With BE2010 I always get roughly the same job rate rate, regardless of where the files are located - I have tried backups with the source files on Raid 1 or Raid 5 arrays (the R5 obviously has a much faster sustained read capability). To me this suggests that the hard drives/their controllers are not a bottleneck. 

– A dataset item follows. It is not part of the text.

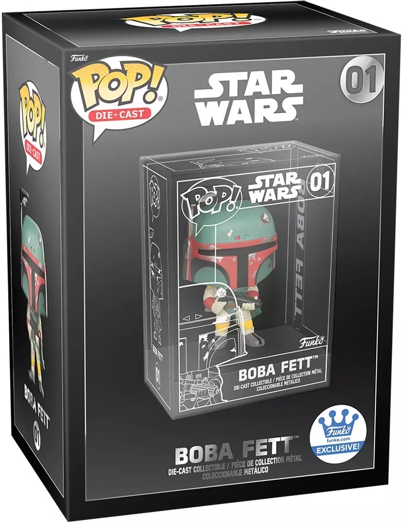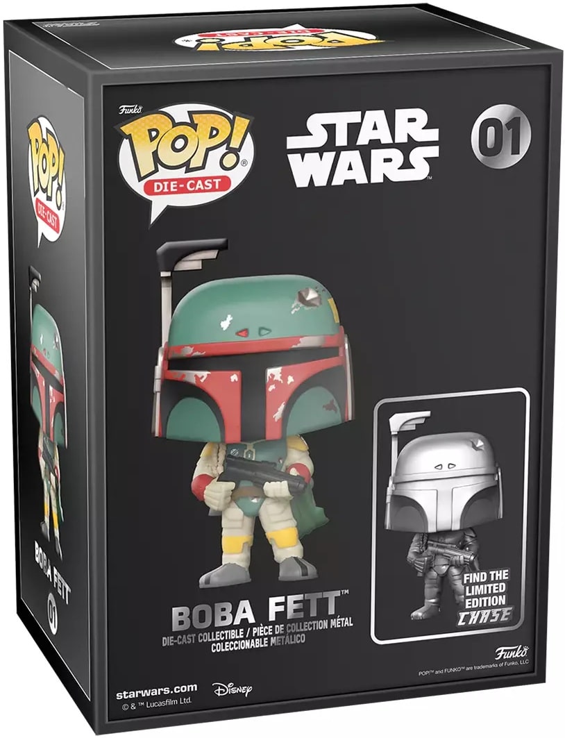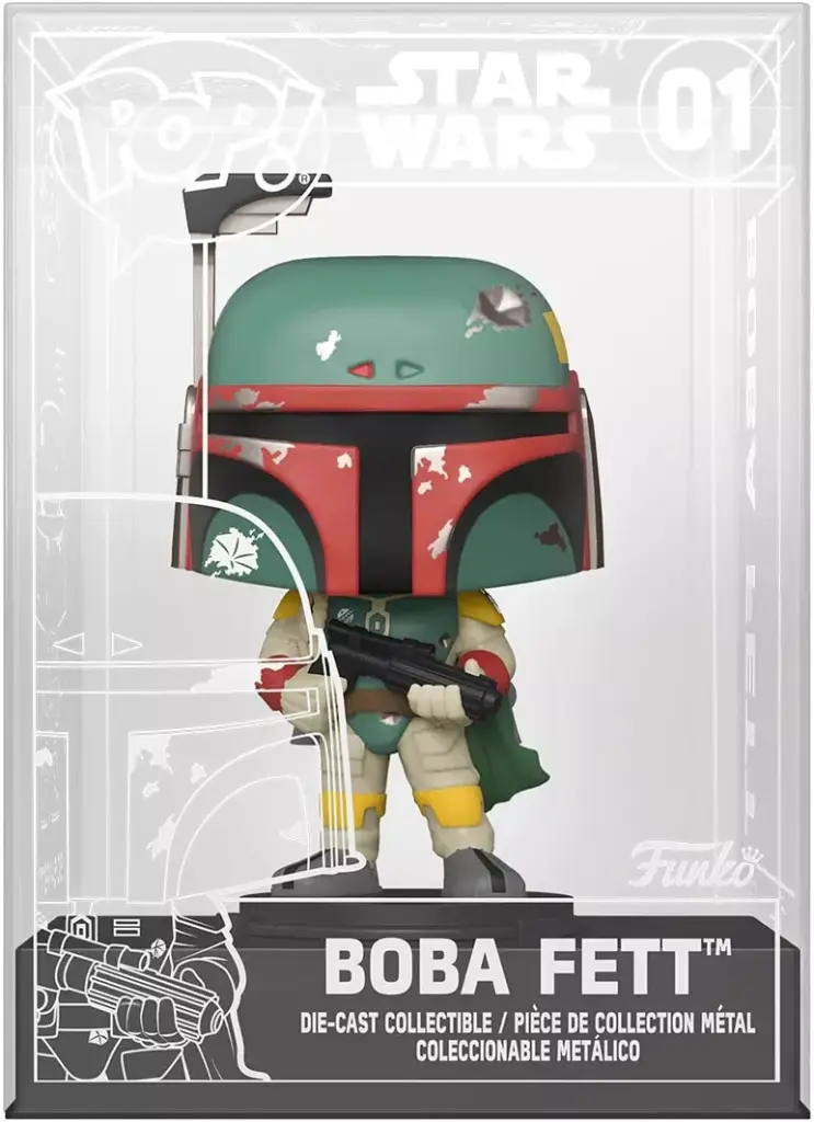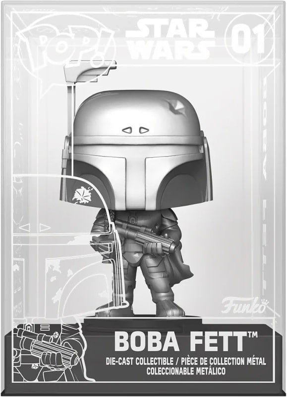 Start your Die-cast Pop! collection with Star Wars’ Pop! Boba Fett, the unaltered clone/son of Jango Fett, who re-emerges from the shadows wearing his father’s famous armour and carrying a blaster. Celebrate the most stellar fandom of all with the Die-cast Boba Fett Pop! to crown your lineup. Die-cast figure is approximately 10 cm tall.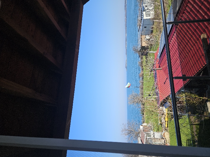 The image captures a static, elevated view of a coastal landscape in Atiya, Bulgaria, under clear daylight conditions. The perspective is from a structure, likely a balcony or porch, framed by a dark wooden ceiling with exposed beams overhead and a light-colored vertical architectural element on the left. A metal railing, featuring horizontal bars and vertical supports, extends across the lower portion of the frame. In the midground, a building with a red corrugated tiled roof is prominent, displaying multiple photovoltaic solar panels and a chimney. Surrounding this building are uneven parcels of green grass interspersed with bare deciduous trees and shrubs. Several small, utilitarian structures are present: a concrete block shed with a corrugated roof is visible to the left, adjacent to a yellow object of indeterminate function, and a light-colored rectangular structure with a darker roof is situated to the right. A Bulgarian national flag, characterized by horizontal white, green, and red stripes, is mounted on a pole near the shoreline, slightly left of the central axis. The background features a broad expanse of calm, blue sea, meeting a cloudless, uniformly blue sky on the horizon. Distant landmasses or islands are visible in the far background. No individuals, actions, or interactions are discernible within the frame.

However... when a backup job is running, I always see roughly the same read disk activity from beremote.exe of 30Mb/Sec on these files. Multiply this by 60 and you get almost exactly my Job Rate as reported in BE2010. Why such a low disk reported throughput? The arrays I tested on are quite capable of 100-600Mb/min sequential read, and the server is doing virtually nothing else. CPU utilisation is ~ 10% (SQL Server ticking over mainly, DEV system so no users connected 90% of the time), beremote.exe is usually around 1% CPU util whilst a backup job is running. It is almost as those there is a cap on BE2010 source file disk read speed.

 

The relevant specs of the hardware are below.

  • IBM System X3630M3
  • Dual Xeon E5506 @ 2.13GHz, Quad Core, 4Mb Cache, QPI 4.8GT/s
  • 32Gb RAM (8Gb free, SQL Server memory capped)
  • Windows 2008 R2 X64 SP1
  • ServeRAID M5015 SAS Controller, 512Mb (hard drives)
  • 2*IBM 2TB SATA 3Gbps (Raid1)
  • 4*IBM 2TB SATA 3Gbps (Raid 5)
  • IBM/LSI 6Gb SAS HBA (dedicated for Tape Drive)
  • IBM HH LTO Gen 5 Model TS2250

The media is all new LTO5 media, the tape drive is new too.

 

As far as I can see, I am only achieving about 20% what is possible with LTO5. Basically I am getting less that LTO2 speed.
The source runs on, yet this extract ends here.